• **YOUR TASK**: Each line from the top of the listing through the one holding "- The Tool Kit" should be restated word for word, with nothing added and no pictures.

• **DATA SECTION**:
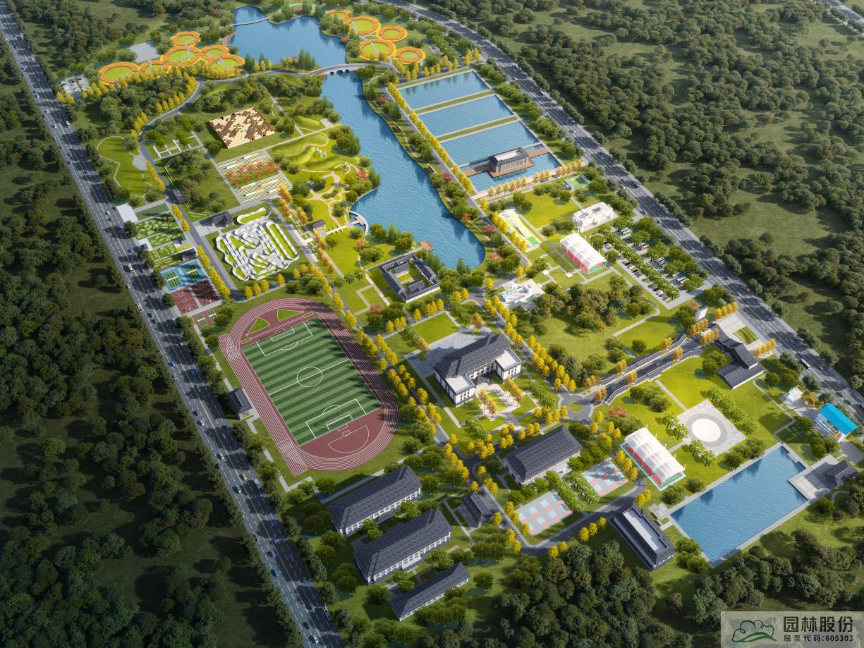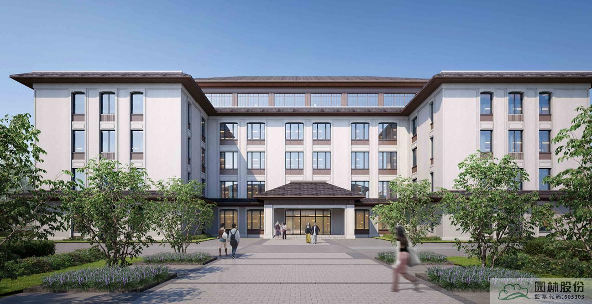 建筑風格以新中式為主,在與朔西湖大景區(qū)的風格相協(xié)調(diào)下,同時兼顧了使用功能。東西向的校園主軸線,從主入口廣場起,經(jīng)整齊的樹陣、升旗臺、至綜合教學樓與綜合服務中心圍合的中心廣場,并向東延伸到宿舍區(qū),是校園中最主要的視廊,大氣、莊重。
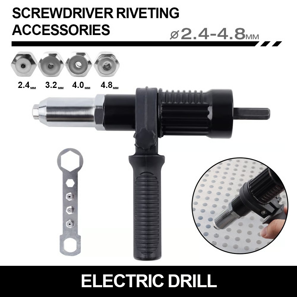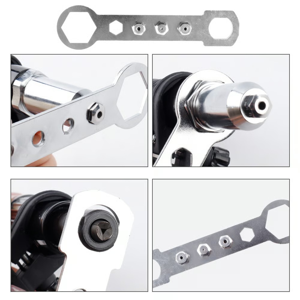 - The Tool Kit Includes: 1*rivet gun adapter; 1*wrench; 1*handle; 4*nozzles (2.4-4.8mm), suitable for various rivet sizes.
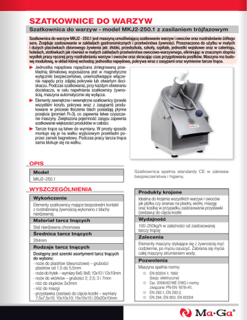 SZATKOWNICE DO WARZYW Szatkownica do warzyw - model MKJ2-250.1 z zasilaniem trójfazowym Szatkownica do warzyw MKJ2 - 250.1 jest maszyną umożliwiającą szatkowanie warzyw i owoców oraz rozdrabnianie żółtego sera. Znajduje zastosowanie w zakładach gastronomicznych i przetwórstwa żywności. Przeznaczona do użytku w małych i dużych placówkach zbiorowego żywienia jak: żłobki, przedszkola, szkoły, szpitale, jednostki wojskowe oraz w cateringu, hotelach, stołówkach jak również w małych zakładach przetwórstwa owocowo-warzywnego, eliminując w znacznym stopniu wysiłek pracy ręcznej przy rozdrabnianiu warzyw i owoców oraz skracając czas przygotowania posiłków. Maszyna ma budowę modułową, w skład której wchodzą: jednostka napędowa, pokrywa wraz z zasypami oraz wymienne tarcze tnące. > Jednostka napędowa napędzana zintegrowaną przekładnią ślimakową wyposażona jest w magnetyczne wyłączniki bezpieczeństwa, uniemożliwiające włączenie napędu przy zdjętej pokrywie lub otwartym dociskaczu. Podczas szatkowania, przy każdym otwieraniu dociskacza, w celu napełniania szatkownicy żywnością, maszyna automatycznie się wyłącza. > Elementy zewnętrzne i wewnętrzne szatkownicy (przede wszystkim koryto, pokrywa wraz z zasypami) produkowane w procesie tłoczenia blach posiadają płynne przejścia (promień R=3), co zapewnia łatwe czyszczenie maszyny. Zwiększona pojemność zasypu zapewnia szatkowanie większości produktów w całości. > Tarcze tnące są łatwe do wymiany. W prosty sposób montuje się je na wałku wyjściowym przekładni poprzez zamek bagnetowy. Podczas pracy tarcza tnąca sama blokuje się na wałku. OPIS Model MKJ2–250.1 WYSZCZEGÓLNIENIA Wykończenie Elementy szatkownicy mające bezpośredni kontakt z rozdrabnianą żywnością wykonano z blachy nierdzewnej. Materiał tarcz tnących Stal nierdzewna chromowa Średnica tarcz tnących 264mm Rodzaje tarcz tnących Dostępny jest szeroki asortyment tarcz tnących do wyboru: - noże do plastrów (dwunożowe) – grubości plastrów od 1,5 do 5,5mm - noże do frytek – wymiary 6x6; 8x8; 10x10 i 12x10mm - noże do wiórków – grubości 2; 2,5; 3 i 7mm - nóż do słupków 3x3mm - nóż do miazgi - przystawka (zestaw) do cięcia kostki – wymiary 7,5x7,5x10; 10x10x10; 15x15x10 i 20x20x10mm Szatkownica spełnia standardy CE w zakresie bezpieczeństwa i higieny. Produkty krojone Idealna do krojenia wszystkich warzyw i owoców jak jabłka czy ananas na plastry, wiórki, miazgę oraz kostkę w przypadku zastosowania przystawki (zestawu) do cięcia kostki Wydajność 100–250kg/h w zależności od zastosowanej tarczy tnącej Zalecenia Elementy maszyny stykające się z żywnością myć codziennie, po myciu osuszyć. Zabrania się mycia całej maszyny strumieniem wody. Pozwolenia Maszyna spełnia normy: A EN 60204-1; 1992 (bezp. elektryczne) A Dyr. 2006/42/WE EWG i normy związane: PN-EN 1678+A1, A EN 292-1, EN 292-2, A EN 294, EN 953, EN 60204 SZATKOWNICE DO WARZYW Szatkownice do warzyw - model MKJ2-250 TABLICA WYMIAROWA WYMIARY Szatkownica: MKJ2-250.1 A B C D E F 463mm 360mm 355mm 269mm 50mm 365mm G H I J K Kąt 311mm 225mm 648mm 626mm 68mm 140O DANE TECHNICZNE (specyfikacja) Wymiary gabarytowe Rozstaw nóżek Średnica tarczy tnącej Obroty tarczy tnącej Zasilanie Moc Waga (ciężar netto) Szatkownica: MKJ2-250.1 365(F) x 463(A) x 648(I)mm 225(H) x 269(D)mm 264mm ok. 280 obr./min. zgodnie z kierunkiem strzałki na puszce zasypowej 400V 50Hz 3 fazy 550W 28kg maszyna bez tarcz SPECYFIKACJE WYSYŁKOWE Wymiary kartonu Szatkownica MKJ2-250.1 Długość 610mm Szerokość 470mm Wysokość 650mm Ciężar brutto 30kg

• **REPLY TO THE TASK**:
 建筑風格以新中式為主,在與朔西湖大景區(qū)的風格相協(xié)調(diào)下,同時兼顧了使用功能。東西向的校園主軸線,從主入口廣場起,經(jīng)整齊的樹陣、升旗臺、至綜合教學樓與綜合服務中心圍合的中心廣場,并向東延伸到宿舍區(qū),是校園中最主要的視廊,大氣、莊重。
 - The Tool Kit Includes: 1*rivet gun adapter; 1*wrench; 1*handle; 4*nozzles (2.4-4.8mm), suitable for various rivet sizes.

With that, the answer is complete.